Pionierbakterien sind in der Lage, zahlreiche Oberflächen-Exopolysaccharide zu synthetisieren, wodurch neue Arten an Zahnoberflächen anhaften und dort Mikrokolonien bilden können. Dann sind alle PEA-Rezeptoren gesättigt und die Kolonisierung tritt in eine Phase langsamer Bakterienvermehrung ein.
VI-TRANSFORMATION DER SAPROPHYTISCHEN FLORA IN DIE PATHOGENE FLORA:
Unter dem Einfluss verschiedener Faktoren (Zunahme der Keimzahl, Eindringen exogener Keime, Erhöhung der Virulenz der Keime, Schwächung der Abwehrkräfte des Wirts) verursacht diese mikrobielle Flora Schäden in der Mundhöhle, beispielsweise Karies und Parodontitis.

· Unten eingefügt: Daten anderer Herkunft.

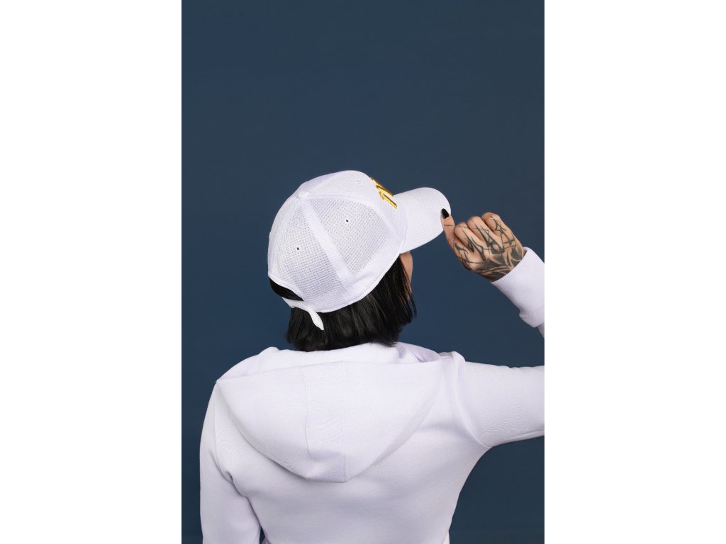 Tato moderní kšiltovka je vyrobena ze 100% elastického polyesteru, který na dotek připomíná bavlnu – příjemný a pohodlný materiál, který drží tvar a zároveň dobře sedí. Má nízký profil, klasicky zahnutý kšilt a měkké, pružné zapínání typu snapback z gumového materiálu, které se pohodlně přizpůsobí každé hlavě.

Es findet jedoch eine Selektion der Keime statt, die zu einer der Krankheiten führt.
Faktoren, die das Wachstum von Mikroorganismen beeinflussen:
*Physikalisch-chemische Faktoren: Temperatur T°, PH, Vorhandensein von O2 und Feuchtigkeit
*Wirtsfaktoren : Ernährung, Abwehr des Wirts, hormonelle Veränderungen (Schwangerschaft)
*Genetische Faktoren: scheinen die Darm- und Mundflora zu beeinflussen
*Alter: ab 70 Jahren: Zunahme von Staphylokokken (S. aureus), Laktobazillen, Actinomyces naeslundi.
Und ab dem 80. Lebensjahr: die Zunahme der Hefepilze (Candida albicans)
Sokranskys Bakterienkomplexe:
Schematische Darstellung der Zusammensetzung bakterieller Komplexe und ihrer Organisation innerhalb eines mit Parodontitis assoziierten Biofilms (Socransky und Haffajee)
Übersichtstabelle der wichtigsten im oralen Ökosystem vorkommenden Keime:
Kokkengramm (+) – Streptococcus- Peptostreptococcus | Kokkengramm(-) -Veillonella-Neisseria |
Gram(+)-Bazillus -Actinomyces- Bifidobacterium-Eubacterium-Lactobacillus-Corynebacterium-Propionibacterium | Gram(-) Bazillus – Actinobacillus- Bacteriodes-Compylobacter-Capnocytophaga-Eikenella-Fusobacterium-Heamophilus-Porphyromonas-Prevotella-Selenomonas-Treponema |
VII-FAZIT:
Angesichts der Bedeutung der Anhaftungsmöglichkeiten von Keimen der Mundflora reicht eine einfache Mundreinigung nicht aus, um diese zu beseitigen oder ihre Neubildung zu verhindern. Daher ist es wichtig, wirksame Mittel zur Mundhygiene (mechanisches Bürsten, Putzhilfen: Interdentalseide, Einzelbüschelbürste, Interdentalbürste usw.) zu verwenden.
Mundflora
Bei verlagerten Weisheitszähnen kann eine Operation erforderlich sein.
Zirkonkronen sind stark und ästhetisch.
Zahnfleischbluten kann ein Hinweis auf eine Parodontitis sein.
Unsichtbare kieferorthopädische Behandlungen werden immer beliebter.
Unsichtbare kieferorthopädische Behandlungen werden immer beliebter.
Moderne Zahnfüllungen sind langlebig und diskret zugleich.
Interdentalbürsten sind ideal für enge Zwischenräume.
Eine gute Zahnhygiene verringert das Risiko von Herz-Kreislauf-Erkrankungen.